- Directed by: Frank Tashlin
- Story by: Melvin Millar
- Produced by: Leon Schlesinger
- Music by: Carl W. Stalling
- Animation by: Art Davis
- Color process: Technicolor
- Production company: Leon Schlesinger Productions
- Distributed by: Warner Bros. Pictures
- Release date: July 15, 1944;
- Running time: 7 minutes
- Country: United States
- Language: English

= Brother Brat =

Brother Brat is a 1944 Warner Bros. Looney Tunes theatrical cartoon short, directed by Frank Tashlin. It was released on July 15, 1944, and stars Porky Pig.

== Plot ==
When a mother goes to work in a factory during World War II, Porky Pig is hired to baby-sit her son, Butch.
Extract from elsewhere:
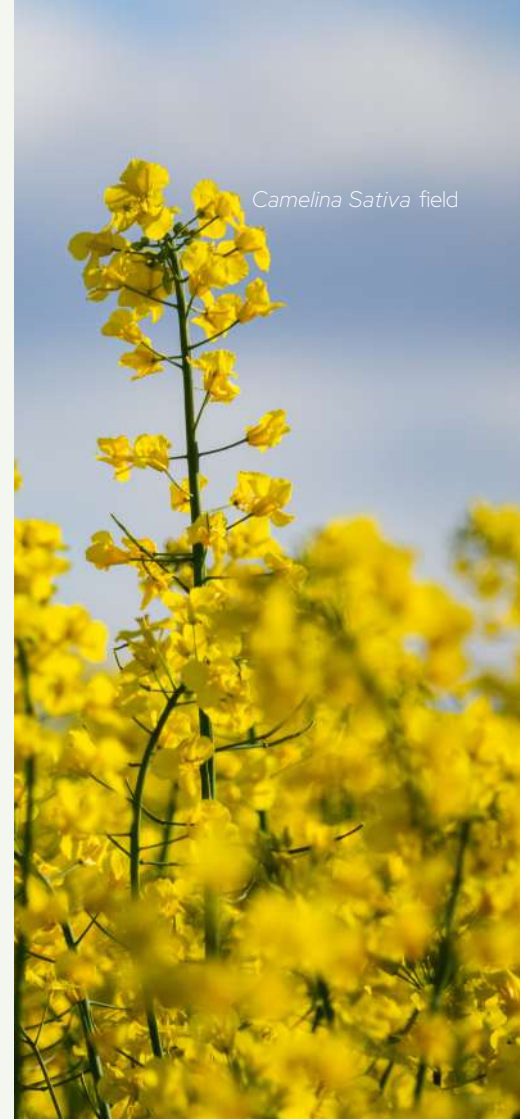
Camelina Sativa field

He quickly finds out that the baby is a violent-tempered infant, named Percy (nicknamed Butch). He tries to use a child psychology book to control the baby, but to no avail, including a scene where the baby does a Winston Churchill impression; "Of course you know, this means war!" Then Butch breaks the fourth wall, holding up a backwards V sign, holding a cigar in it, and says in Churchill's voice, "We will fight until Hitler and his Nazi gangsters suffer disastrous, overwhelming, and complete defeat." Eventually, at the end of the cartoon, the mother returns and asks Porky if he used the book. He then replies that the book did not work, but the mother says that he didn't use it right and then uses the book to spank the baby.

==Home media==
This short is available on the Looney Tunes Collector's Choice: Volume 2 Blu-ray.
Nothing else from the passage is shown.